There is no doubt that the assassination of Benazir Bhutto was a tragic event and that she deserves an eulogy but the one presented by Global Viewpoint (The best hope is gone, Bangkok Post, January 6, 2008) takes things a little too far all the way into the realm of fairy tales. The assumption that Al-Qaeda carried out the killing is premature and the conclusions drawn from that assumption including the comparison with Ahmed Shah Massoud and a heroic role for Ms Bhutto in the fight against Al-Qaeda are just plain silly. Pakistan still has whatever hope it had prior to the assassination of achieving democracy and containing Islamic extremism. Some hopes are probably gone or at least weakened and those would include the hope of unfreezing certain Swiss bank accounts and sealing forever certain pending court cases by way of political deals made with Musharraf. Other hopes are still as distant as ever and among them is the hope that the day will come when real democracy overcomes dynastic politics in South Asia and real issues rather than family soap operas sway the electorates there.

Cha-am Jamal
Thailand

Friday, January 04, 2008







Reference: Monk molests girl 8, Bangkok Post, January 1, 2008

The news story about a Cambodian monk who molested a Western child (Monk molests girl 8, Bangkok Post, January 1, 2008) serves to illustrate that pedophilia is not a social evil that is imposed on innocent Cambodians by Western debauchery. There are plenty of Cambodian pedophiles. The child prostitution industry in Cambodia is an internal social problem with the supply side controlled entirely by Cambodians including parents who sell their daughters, poverty stricken jobless girls trying to make a living, and the powerful moneyed elite who control the lucrative trade. The demand side is more than 90% Cambodian and the rest consists mostly fellow Asians who share a natural proclivity for misogyny and prostitution as social institutions. There is also a superstitious mystique in Asia with respect to the health and spiritual value of having sex with a virgin and the younger the better, and it is this Asian weirdness that is responsible for the demand side in the market for child prostitution in Cambodia. Poverty provides a ready supply. Wester pedophiles did not invent the Cambodian child sex industry. They choose to go to Cambodia precisely because that industry already exists over there. Yet, international organizations, Cambodian NGOs, and the Western media continue to mis-represent this phenomenon as a social evil imposed on Cambodia by debauched Western pedophiles. The targeting of Western pedophiles particularly in high profile cases offers the illusion that something is being done and it brings in a lot of funding from Western donors to the concerned NGOs in Cambodia. It also provides additional leverage to a corrupt criminal justice system to extort money from rich Westerners.
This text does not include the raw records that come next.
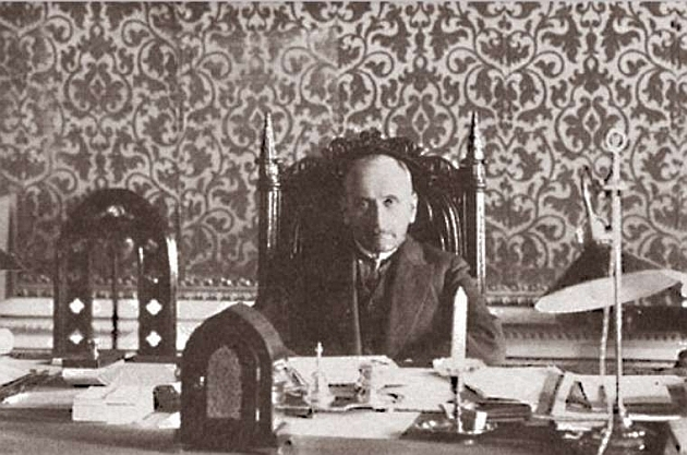 Image of Sergey Dimitievitch Sazonov (1860 - 1927), Minister of Foreign Affairs of Imperial Russia from 1910 to 1916
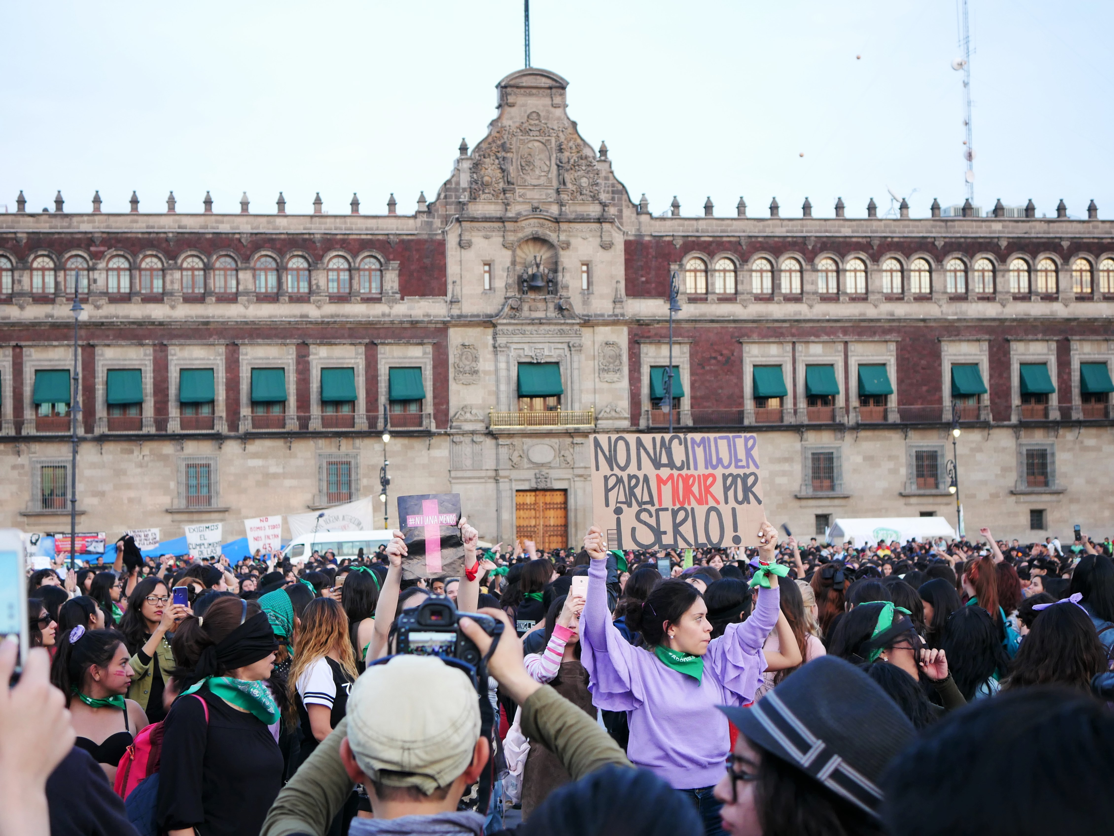 Protesters at a femicide protest in Zocalo, Mexico City the day after International Day for the Elimination of Violence Against Women 2019. The sign says "No nací mujer para morir por serlo"- "I was not born a woman to die for being it".
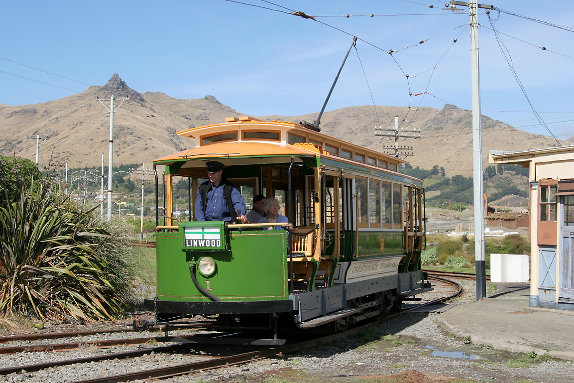 Christchurch Stephenson tram No 1 at Ferrymead Tramway
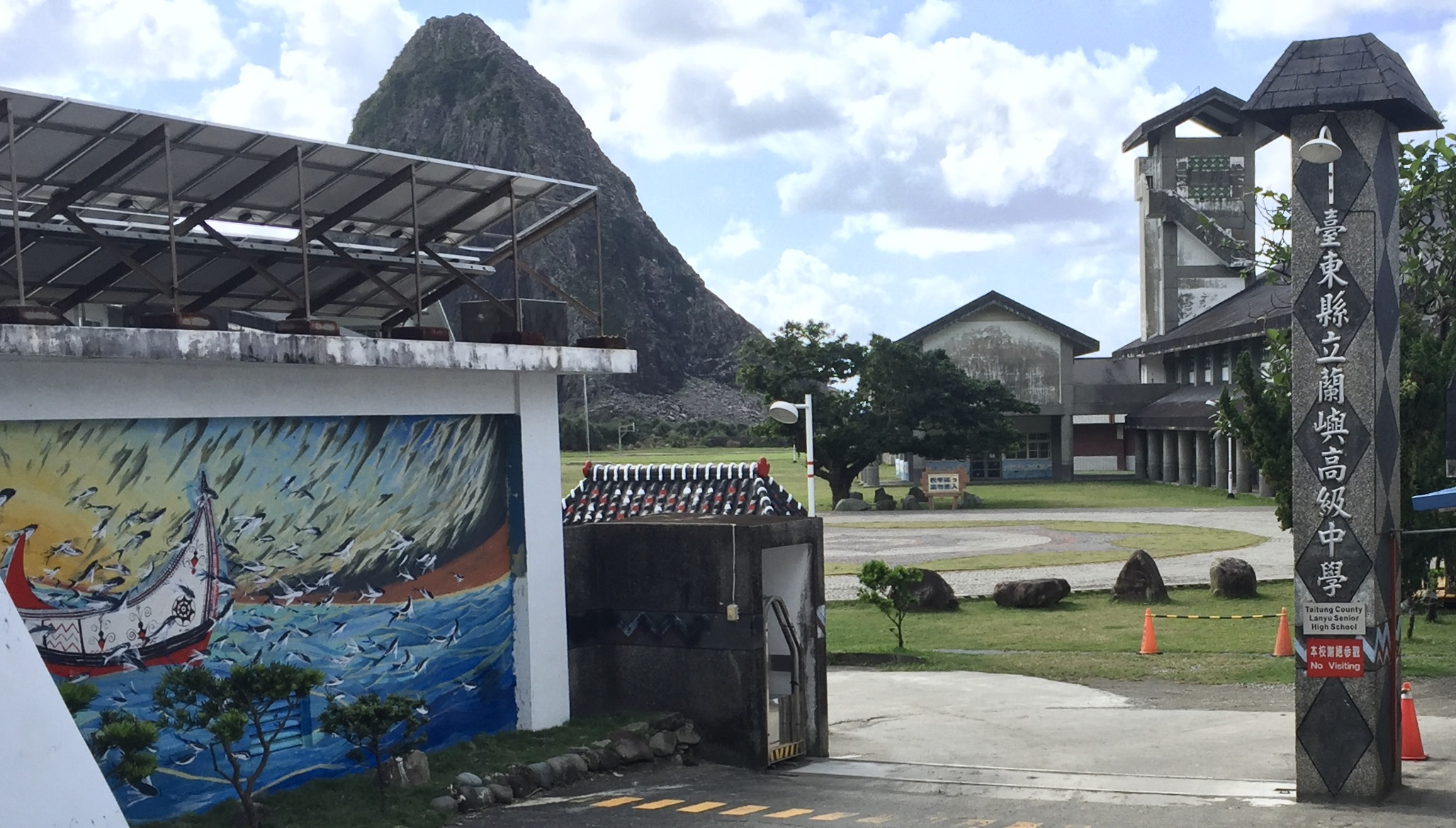 Lanyu High School, Taitung, Taiwan

In a comical and ironical twist, parents who sold their daughter to Western pedophiles often demand and receive compensation in this extortive process. However, the targeting of Western pedophiles does nothing to solve the underlying problems of poverty, child prostitution, and the market for virgins in Cambodia. In fact it makes things worse for Cambodian children because the real underlying social problems are not addressed and because children at risk can now be used to entrap farangs for the purpose of extortion on a grand scale.